- Developer: Sports Interactive
- Publisher: Sega
- Producer: Miles Jacobson
- Series: Football Manager
- Platforms: Microsoft Windows, OS X, PlayStation Portable, iOS, Android
- Release: Microsoft Windows, OS XWW: 2 November 2012; PlayStation PortableWW: 30 November 2012; iOS, AndroidWW: 13 December 2012;
- Genre: Sports management
- Modes: Single player, multiplayer

= Football Manager 2013 =

2012 video game

Football Manager 2013 is a football management simulation video game and the tenth instalment in the Football Manager series developed by Sports Interactive and published by Sega. It was released on Microsoft Windows and OS X on 2 November 2012. Football Manager Handheld 2013 was subsequently published for PlayStation Portable on 30 November, and for iOS and Android on 13 December.

== Gameplay ==

A simulated match between Birmingham City F.C. and Watford F.C. on the Microsoft Windows version of Football Manager 2013

Football Manager 2013 features similar gameplay to that of the Football Manager series. Gameplay consists of taking charge of a professional football team (the game also includes semi-professional, amateur, and international teams) as the manager. Players can sign football players to contracts, manage finances for the club, and give team talks to players. The Football Manager series is a simulation of real world management, with the player being judged on various factors by the club's AI owners and board.

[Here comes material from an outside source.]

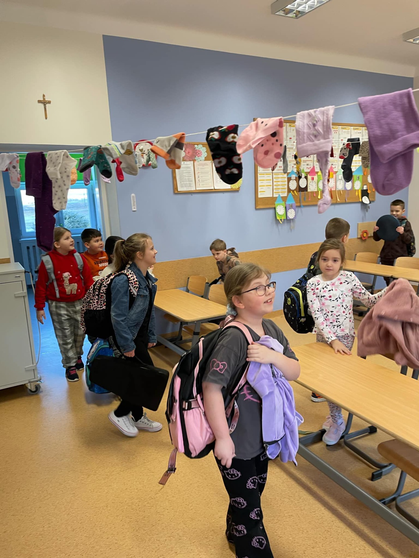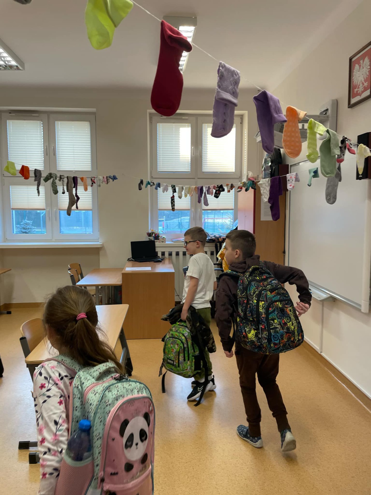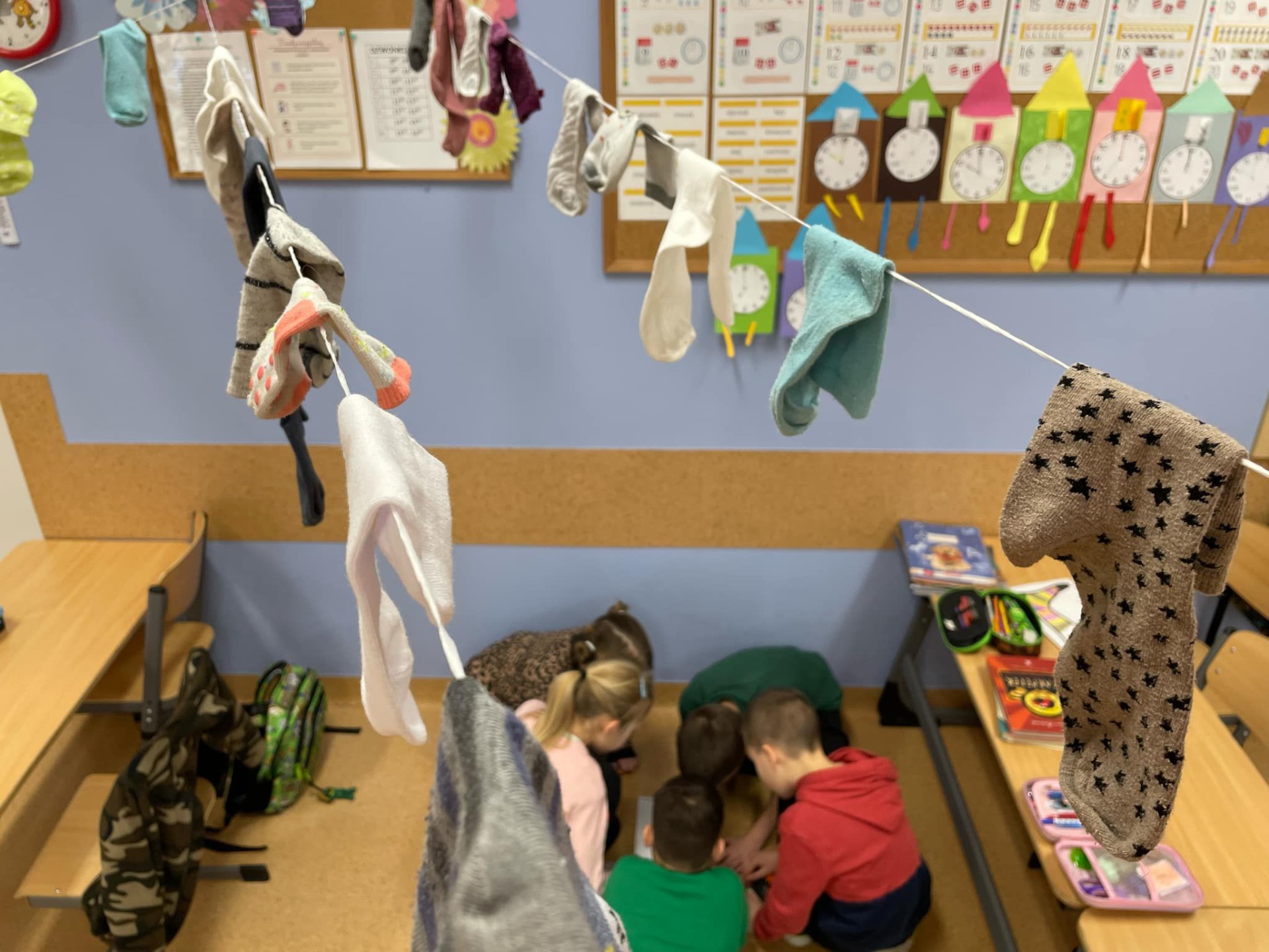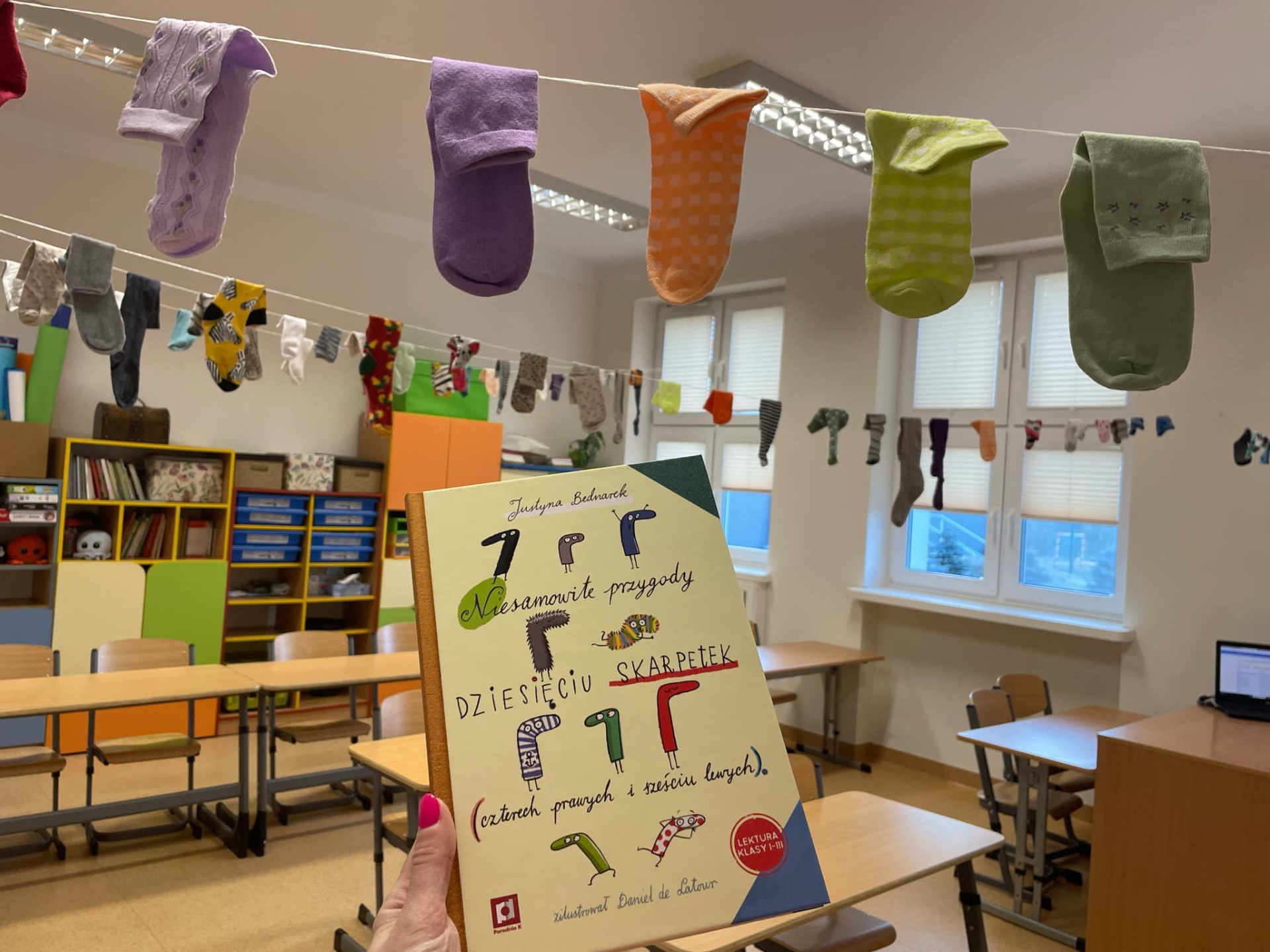 Po feriach klasa I rozpoczęła prace z lekturą w bardzo kreatywny sposób! Poniedziałkowy poranek okazał się dużym zaskoczeniem (po wejściu do klasy oczom uczniów ukazały się rozwieszone na sznurkach skarpetki! Było ich aż sto!) Wywołało to wiele zdziwienia, zaskoczenia i radości, a przede wszystkim znakomicie wprowadziło nas w nastrój czytanej lektury „Niesamowite przygody dziesięciu skarpetek”. Następnego dnia z kolei czekał na uczniów Escape Room i intensywna praca podsumowująca wiadomości z lektury: była praca wspólna, praca w grupach, łączenie puzzli w klasową pracę i na koniec niespodzianka - przygotowane przez panią skarpetkowe maskotki myszki w prezencie dla każdego ucznia.

Football Manager 2013 includes a quicker mode of play called "Football Manager Classic". This new mode allow gamers to complete a season in less time than the normal game mode. It retains the 3D match engine and player/staff database but simplifies the way players manage their club and allows them to focus on selected key areas to build success. A player can complete a season in approximately seven hours of gameplay. Football Manager 2013 also includes a number of pre-set challenges, offering players scenarios designed to test their management skills over a set period of time, usually half a season. The challenges replicate a variety of real world circumstances. On 19 December 2012, two new challenges were added to the in-game store.

== Release ==
On 6 September 2012, Football Manager 2013 was officially announced via a mock press conference video on Sports Interactive's YouTube channel. It was confirmed the game would include over 900 new features, including a new mode called "Football Manager Classic". Release was slated as prior to the Christmas holiday season. On 27 September 2012, it was announced that the game would be released at midnight on 2 November 2012. On 18 October 2012, a fully playable beta version was provided to customers who pre-ordered either the digital version (via Steam) or physical versions (from selected retailers). Save data from the beta was compatible with the final version. On 26 October 2012, a game demo was made available.

== Reception ==

Football Manager 2013 received very positive reviews, including the highest ever Metacritic score for a Football Manager game, with a score of 86/100.

Aggregate score
| Aggregator | Score |
|---|---|
| Metacritic | PC: 86/100 iOS: 81/100 |

Review scores
| Publication | Score |
|---|---|
| Eurogamer | 9/10 |
| GameSpot | 8/10 |
| IGN | 9/10 |
| PC Gamer (US) | 88/100 |
| PC PowerPlay | 9/10 |
| VideoGamer.com | 8/10 |

== Sales ==
As of 31 March 2013, the game had sold 940,000 copies in the United States and Europe.